Vacinados contra contas certas
A credibilidade, o maior bem de quem tem missões decisivas, tende a ser um logro
O PSD da máquina de calcular anunciou sexta-feira à noite que Miguel Albuquerque foi reeleito presidente do partido na Madeira com 87,3% de votos.
E explica: “Dos 2.839 militantes em condições de votar, 2.489 exerceram o seu direito de voto, ou seja, 87,6%, sendo que do total de votos apurados, 2.480 deram o sim à reeleição de Miguel Albuquerque”.
Com base nesta contabilidade, que dado o contexto de candidatura única não deverá ter sido martelada, Miguel Albuquerque obteve 99,7% dos votos expressos e não 87,3% e assim há alguém no PSD-M que para além de não saber fazer contas, não admite o erro pois, mesmo depois de alertado para o facto, assegurou que as percentagens de votos obtidos nas eleições internas sempre foram feitas com base nos que podiam votar. O que não é verdade. Bastava ir ao arquivo.
Quem é que então subtraiu 12,4 pontos percentuais ao novo líder numa votação em que foram apenas apurados cinco votos em branco e quatro votos nulos? Quem é que quis provocar uma queda, pelos vistos virtual, para desta fazer leituras políticas internas ou então induzir em erro os comentadores, pois nas directas anteriores, a 14 de Dezembro de 2018, Albuquerque foi reeleito, sendo também o único candidato, com 98,4% dos votos? E já repararam que se o PSD usasse esta fórmula de cálculo nas últimas Regionais teria apenas conquistado 21,8% dos votos e não os 39,4% que garantiram a magra vitória e obrigaram à aliança com o CDS?
O episódio é passível de ser considerado insignificante, mas é bem revelador da falta de rigor numa estrutura com uma notável história e património, muitas vezes beliscada por um amadorismo típico dos principiantes. Erros deste calibre num partido que gere os destinos da Região desde que a Autonomia foi consagrada e que até tem uma governante que se gaba de ter obtido 20 em Matemática são inadmissíveis.
Contas certas nunca foi o forte de alguns membros do PSD-M, como atestam as chapeladas internas denunciadas aquando da disputa Jardim/Albuquerque e outras grandes fraudes contabilísticas que levaram anos a desmontar, com particular destaque para a “dívida colossal” que nos obrigou a um asfixiante Plano de Ajustamento Económico e Financeiro. Quem não se lembra de ouvir no Parlamento madeirense que a dívida da Região não chegava a mil milhões de euros, seis vezes menos do que a factura que ainda pagamos, e do enxovalho debitado contra quem insistiu em discordar e pugnar pela verdade? E recentemente quantas versões nunca coincidentes já ouvimos sobre os milhões de euros que virão dos fundos europeus destinados atenuar os impactos lesivos da pandemia na débil economia regional? E que dizer das contradições e trapalhadas na contagem de vacinas contra a gripe em que os apelos à vacinação colidem com rupturas de stock, vagas adiadas para o próximo mês e produto esgotado, a par das manobras de branqueamento que tentam por to dos os meios esconder o que é evidente: mesmo que 9 mil idosos já tenham levado a injecção, há 80% à espera de oportunidade.

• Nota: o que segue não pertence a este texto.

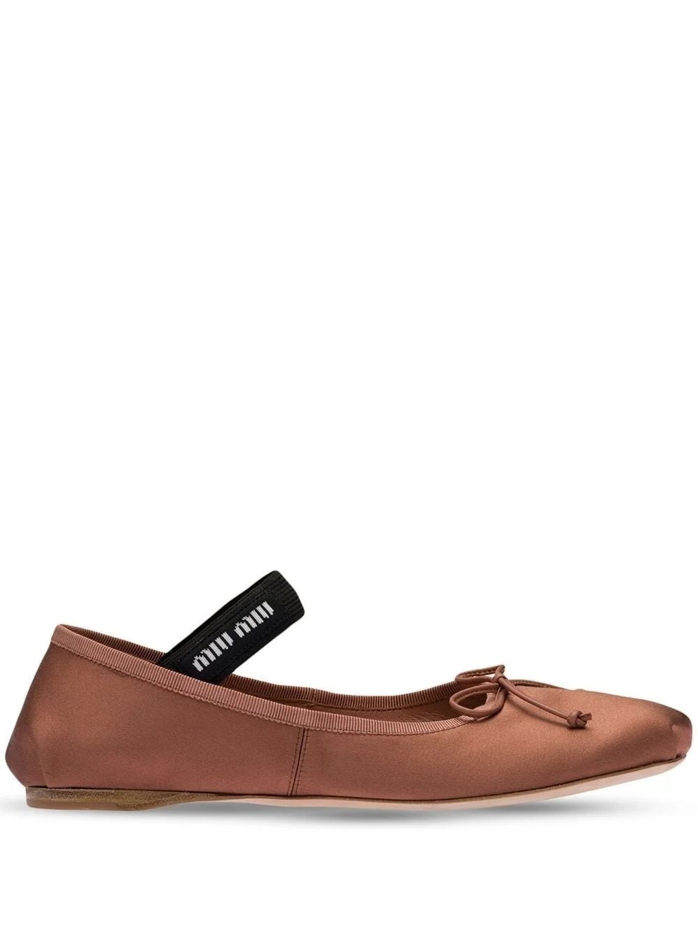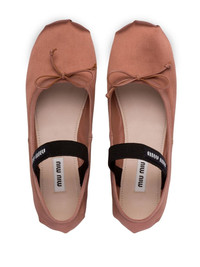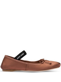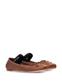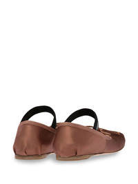 satin slip-on ballerina shoes light brown leather branded insole bow detailing round toe slip-on style flat rubber sole Composition Sole: Leather 100%, Rubber 100% Outer: Satin 100% Lining: Fabric 100% SIZE & FIT Measurement Sole height 0.78 in(2 cm)

A oposição responsável não tem motivos para ficar a rir dos expedientes desastrosos, o que implica, por exemplo, maior e melhor assertividade, preparação e fundamentação de propostas legislativas. Uma boa medida deve ser consistente, logo, irrecusável. Não foi o que aconteceu com o contestado Programa de Apoio às Empresas, apresentado pelo PS na semana passada, com 65 milhões de euros de dotação e destinado a apoios a fundo perdido para manutenção de emprego e dirigido, sobretudo, para o sector do turismo. Se é menos ambicioso do que os que estão já em vigor e se padece de rigor técnico como admitido, respectivamente, pelos adversários políticos e proponentes, então há trabalho de casa por fazer antes da mediatização.
Não é só nas contas que a credibilidade é um logro. Mas por estas também se chega à triste conclusão que quem tem funções essenciais na vida colectiva nem sempre tem um pacto com a verdade.